START Provided data
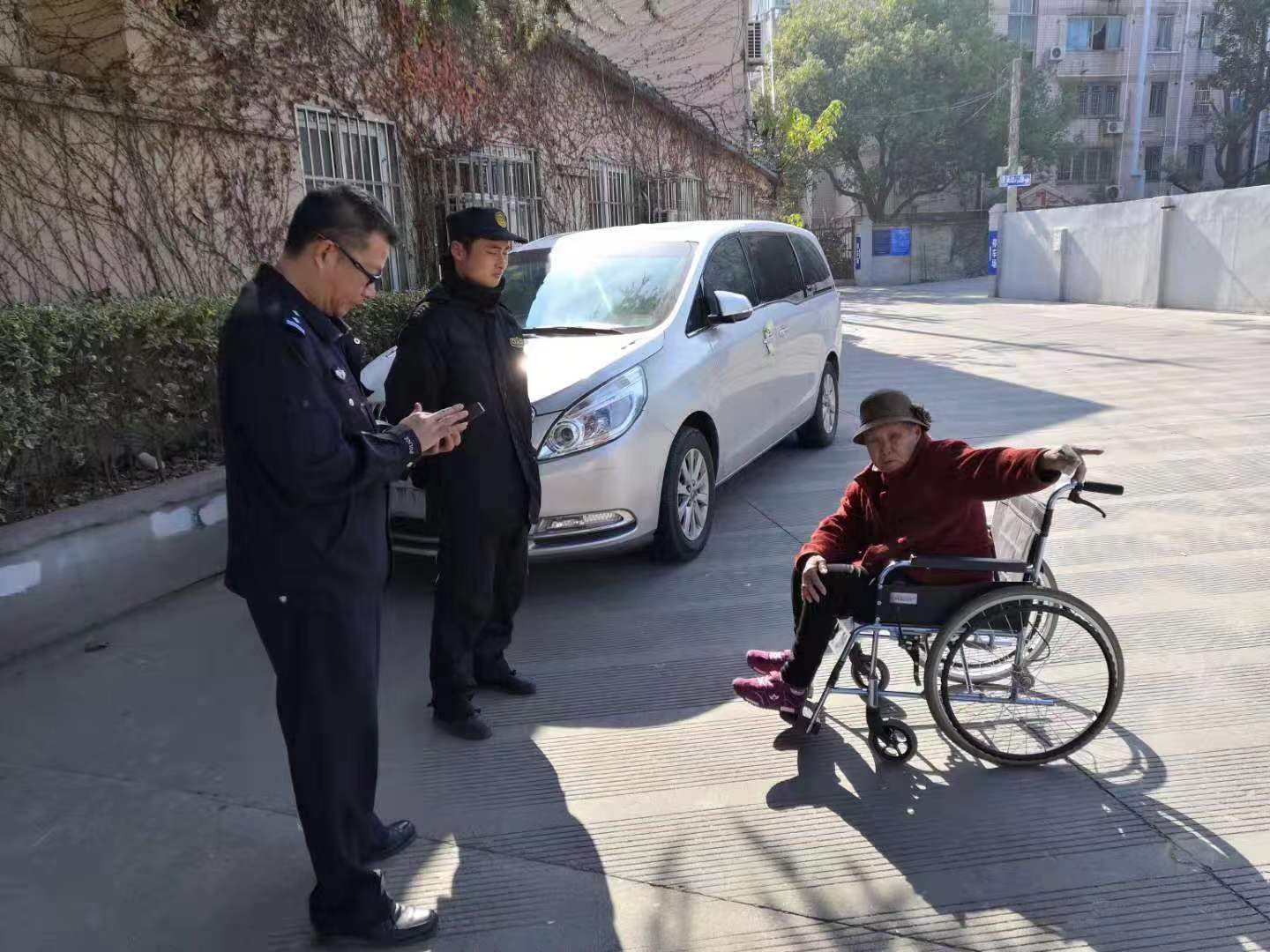 當天上午10點(diǎn)左右,侯震宇巡邏至康沈路佰田大富苑小區門(mén)口時(shí),看到一位年邁的老人神情不安地四處張望。小侯趕緊走上去詢(xún)問(wèn)情況——老人年紀大了,分不清回家的方向,也沒(méi)有力氣推輪椅了。侯震宇立即將此事回匯報給派出所值班室。
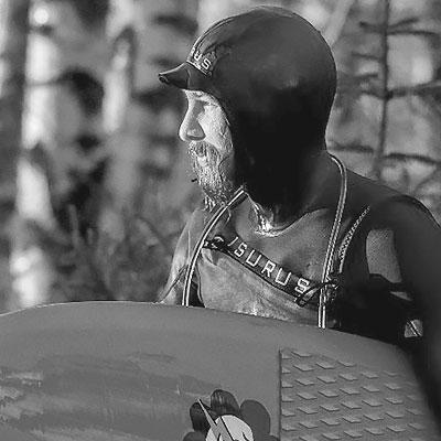 A Russian cold-water charger. Regularly surfs the Baltic Sea and Arctic Ocean.
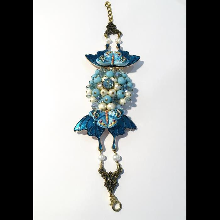 Bracelet made with large vintage blue beaded brooch, 2 x enamel blue butterfly wing pendants, 2 x beautiful blue butterflies and 4 x freshwater pearl beads. Adjustable length 20-24cm.
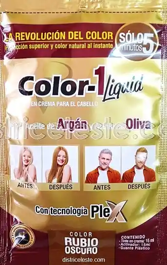 Color 1 Liquid, Rubio Oscuro, Tinte en Crema para Cabello, Sachet 30 Ml. - Con aceite de Argán y Oliva.
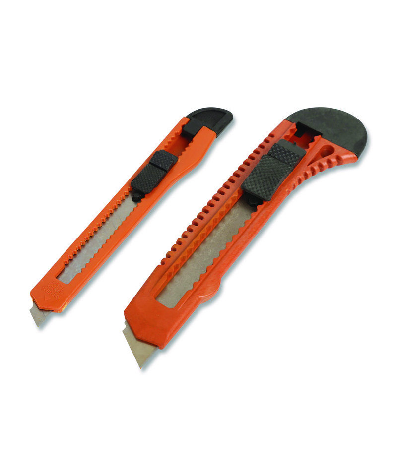 The Great Neck®-2 Piece Snap-Off Utility Knife Set includes a 9 mm and 18 mm snap-off knife and is perfect for light duty cutting of paper, vinyl, and leather. The end of the blade snaps off easily to provide a fresh new cutting edge, with a locking slide to ensure safety. A convenient pocket clip makes it easy to carry around.
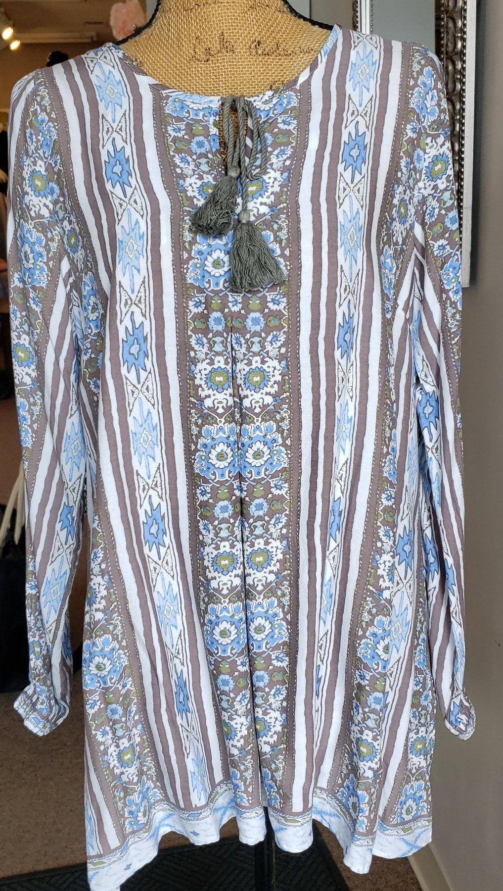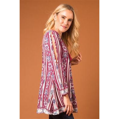 This long top is perfect for any occasion.  The sleeves have an elastic band and their is a small slit opening down the sleeve to give you a great fashion look.
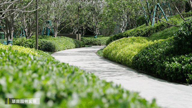 令所有家长都在意的儿童游乐区,也做了安全保障,儿童游乐场地面铺设了彩色塑胶,踩上去具有弹性,这样即使儿童玩耍中摔倒了,也不会磕伤。在考虑到小孩经常玩耍,可能会比较吵闹,所以此处植物种植也比较密集一些,大大减少了对周边楼栋邻居的噪音干扰。
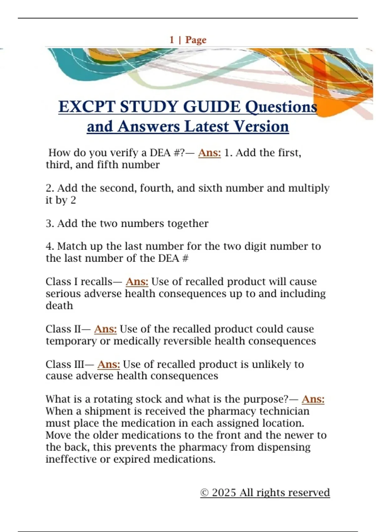 EXCPT STUDY GUIDE Questions
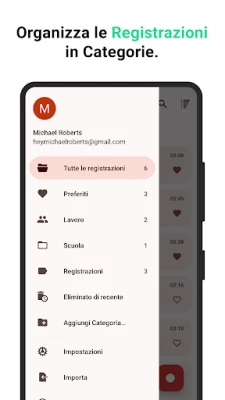 La praticità non si ferma alla registrazione e all'editing. Memo Vocale - Audio Registratore semplifica la gestione dei tuoi file grazie al trasferimento wireless, permettendoti di esportare le tue registrazioni sul computer in modo rapido e sicuro, senza la necessità di software aggiuntivi: basta essere connessi alla stessa rete. Per una tranquillità ancora maggiore, l'integrazione nativa con Google Drive sincronizza automaticamente le tue registrazioni con il tuo account cloud. Questo significa accesso istantaneo da tutti i tuoi dispositivi e una copia di sicurezza sempre disponibile, proteggendo i tuoi preziosi dati da perdite o danni imprevisti. Scegli Memo Vocale - Audio Registratore per un'esperienza audio senza compromessi.
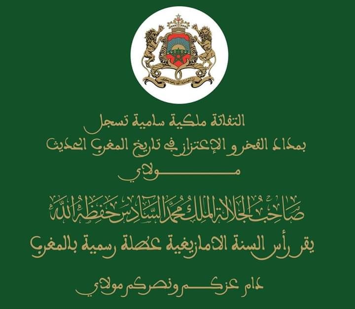 “تفضل صاحب الجلالة الملك محمد السادس، نصره الله، بإقرار رأس السنة الأمازيغية، عطلة وطنية رسمية مؤدى عنها، على غرار فاتح محرم من السنة الهجرية ورأس السنة الميلادية.
END Provided data
Aim of the exercise =>
Within the data above, repeat exactly the lines from the one bearing "Bracelet made with" through the one bearing "Color 1 Liquid, Rubio". Include no pictures and nothing else.

Solution for this problem =>
 Bracelet made with large vintage blue beaded brooch, 2 x enamel blue butterfly wing pendants, 2 x beautiful blue butterflies and 4 x freshwater pearl beads. Adjustable length 20-24cm.
 Color 1 Liquid, Rubio Oscuro, Tinte en Crema para Cabello, Sachet 30 Ml. - Con aceite de Argán y Oliva.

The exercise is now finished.